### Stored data
[Start of section]

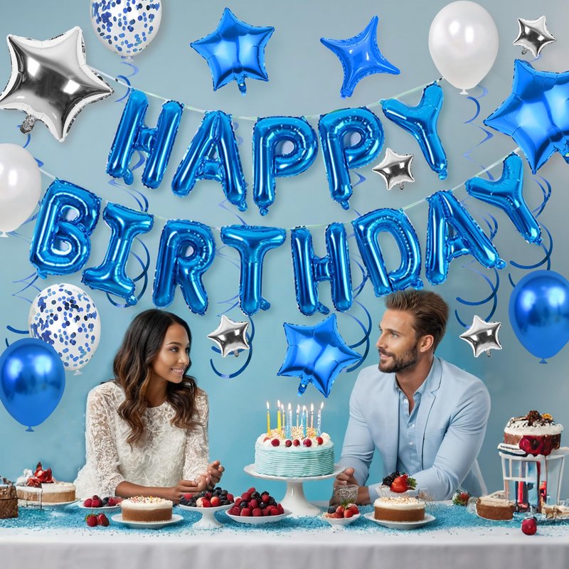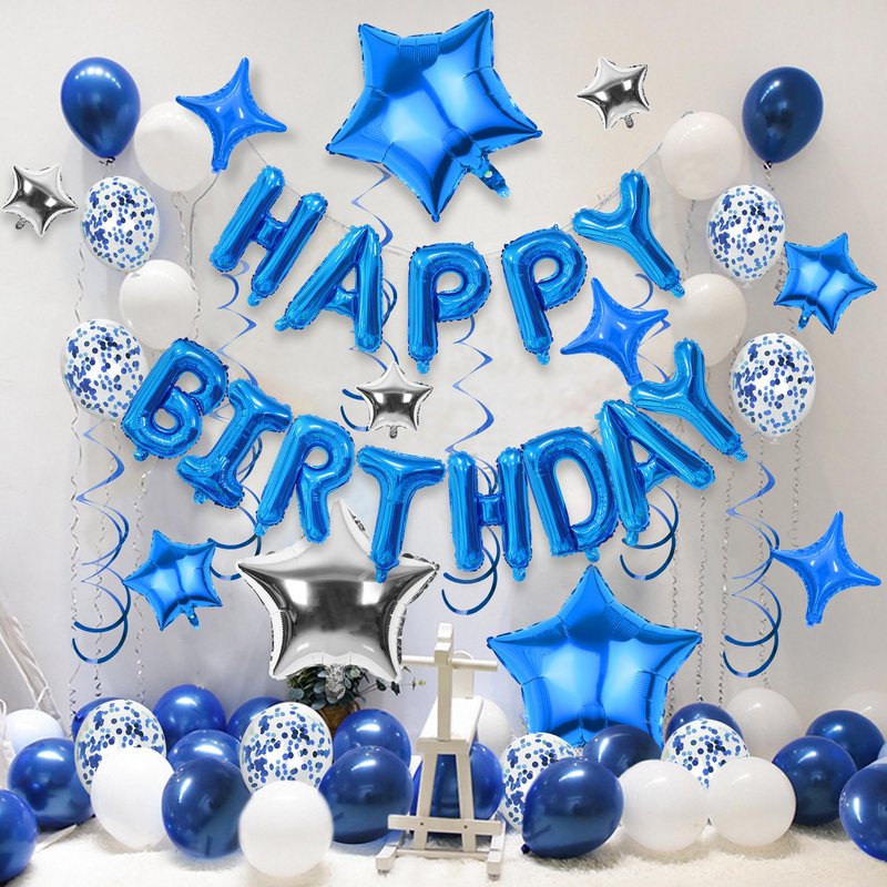 - PACKAGE: The set includes 13pcs blue happy birthday letter balloons, 18pcs star balloons in different sizes, 5pcs silver balloons,5pcs blue balloons,5pcs confetti balloons and 6pcs blue hanging swirls for total decoration
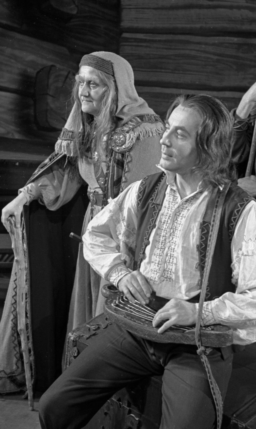 Skats no Raiņa lugas "Spēlēju, dancoju" iestudējuma Latvijas PSR Valsts Dailes teātrī. Lomās: Harijs Liepiņš - Tots, Alma Ābele - Ragana. Uzveduma inscenētājs Eduards Smiļģis, režisore Felicita Ertnere, mākslinieks Ģirts Vilks.
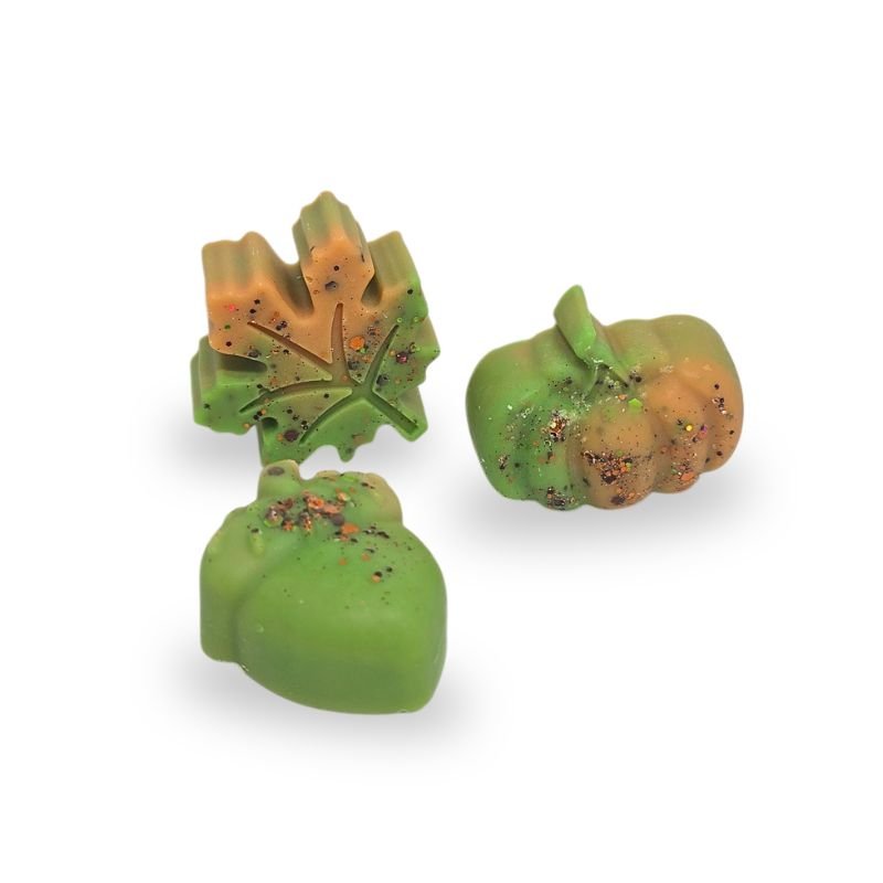 Wax melts (2 τμχ) από 100% φυτικό κερί ελαιοκράμβης σε διάφορα δίχρωμα φθινοπωρινά σχέδια με άρωμα Πικάντικη Σταφίδα, χρώμα μπεζ/πράσινο και glitter.
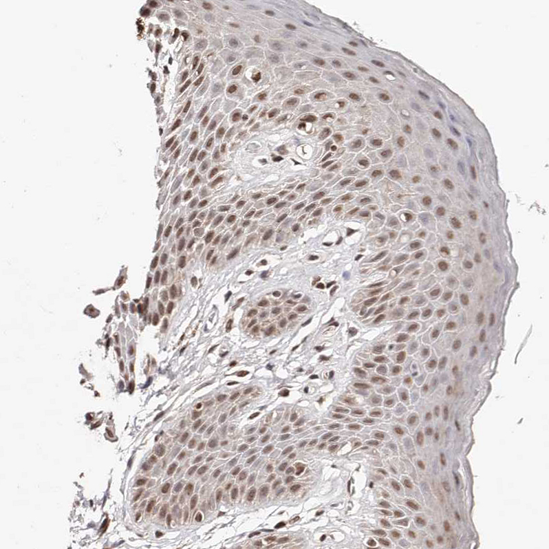 Immunohistochemical staining of human cerebellum shows moderate nuclear positivity in Purkinje cells.
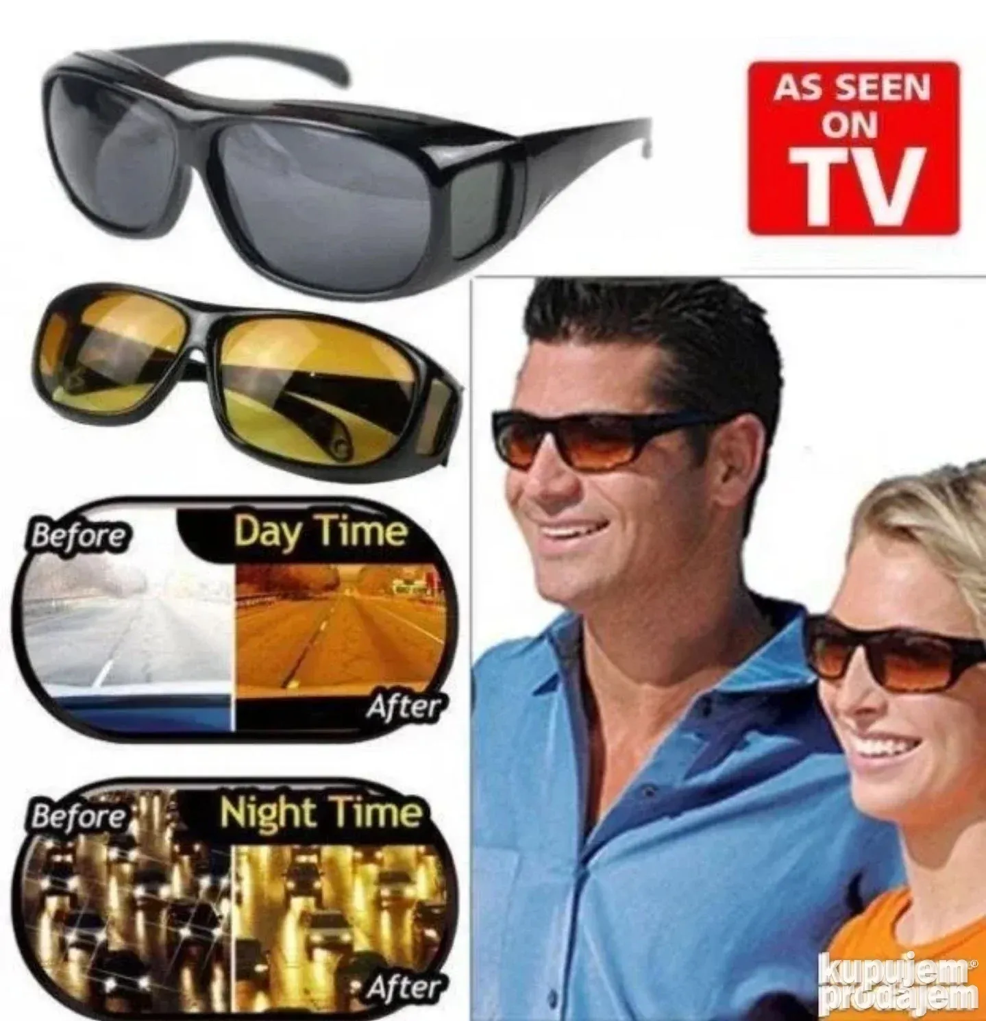 Ako vam smeta noćni odsjaj, refleksija sa mokrog asfalta ili jaka svetla u retrovizoru, ove naočare su pravo rešenje. U kompletu dobijate 2 para naočara: jedan za dnevnu, drugi za noćnu vožnju. Sočiva su specijalno oplemenjena i blokiraju odsjaj, poboljšavaju kontrast i čine sliku jasnijom u svim uslovima.
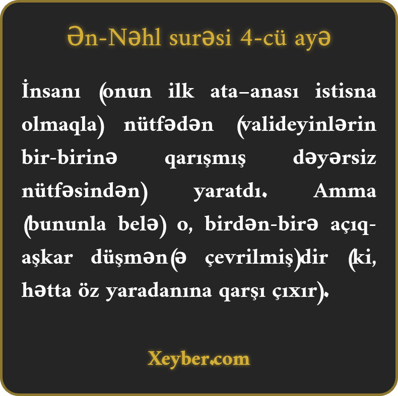 "O, insanı nütfədən yaratdı. O isə aşkar şəkildə (Allahla) düşmənçilik edir.”

[End of section]

### What you have to do
What the answer needs is every line from the one with "Wax melts (2" through the last line of the data, reproduced word for word and with pictures omitted.

### Answer section
 Wax melts (2 τμχ) από 100% φυτικό κερί ελαιοκράμβης σε διάφορα δίχρωμα φθινοπωρινά σχέδια με άρωμα Πικάντικη Σταφίδα, χρώμα μπεζ/πράσινο και glitter.
 Immunohistochemical staining of human cerebellum shows moderate nuclear positivity in Purkinje cells.
 Ako vam smeta noćni odsjaj, refleksija sa mokrog asfalta ili jaka svetla u retrovizoru, ove naočare su pravo rešenje. U kompletu dobijate 2 para naočara: jedan za dnevnu, drugi za noćnu vožnju. Sočiva su specijalno oplemenjena i blokiraju odsjaj, poboljšavaju kontrast i čine sliku jasnijom u svim uslovima.
 "O, insanı nütfədən yaratdı. O isə aşkar şəkildə (Allahla) düşmənçilik edir.”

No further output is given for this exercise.